Sutcliffe – crowned an All Star for the first time over the weekend – believes that depth of feeling is shared by his colleagues as they reflect on a lost opportunity.
But the young St Jude's man is hoping to harness that disappointment and use it to good effect in the coming years.
"I chose to be in work that day (All-Ireland final) because I just couldn't watch it, whereas maybe other years you'd be delighted to be in the semi-final," he said.
"We would have gone in and enjoyed the final, but lads couldn't even look at it, so that's maybe a bit of a sign where we've moved on from being too easily satisfied.
"We knew it was there for us," added Sutcliffe, looking back on their defeat to Cork.
"It was so open this year and that's still annoying me; it was there for us and we didn't take it.
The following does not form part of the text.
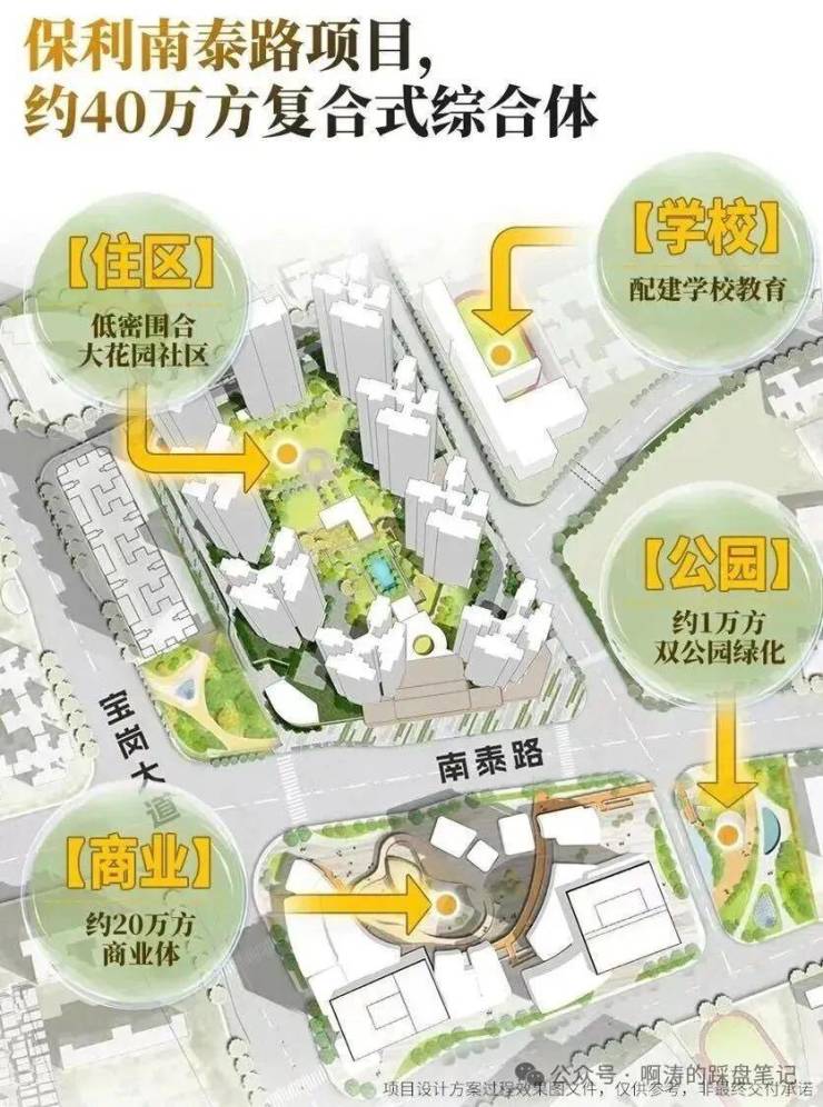 这里反手就是一个38万平综合社区,从配套来看,保利南泰路项目所有牌面筹码都已经摊开——一个“学铁商医园体住”七边形全熟配套圈。

The red card (for Ryan O'Dwyer) didn't help – but you saw St Vincent's at the weekend, they lost a man in the first few minutes and went on to win the game.
"We weren't missing our man for that long, so it can be done and should have been done."
Sutcliffe says he is conscious of Dublin's recent inability to put decent seasons together back-to-back.
"We just want to bring consistency to our game more than anything else, but that all starts next year... doing well in the Walsh Cup, doing well in the league and it kind of rolls into the summer.
"But the main thing is being consistent. We don't want to start a bit of a trend, a leap year where we have one bad year (every second year). We just want to do what the footballers are doing and be consistent every year."
Sutcliffe admits he would love if Ciaran Kilkenny and Cormac Costello, in particular, committed to the hurling squad, but says it is not an issue they will get hung up on in the Dublin hurling camp.
"We can't be worrying about people who aren't there. We'd love to have them, but we're not going to put pressure on them. They're only young men, they're younger than myself... Conal Keaney eventually made the move, so you never know. At the moment we can only concentrate on who's here," he said.
"But Cormac is probably the best hurler in Ireland at his age, and footballer, which is the curse up here. We lose these players up here (in Dublin).
"Their heart was with the football this year and it paid off for them. We've a 35-strong panel and we can only concentrate on the people we have here who are committed to it."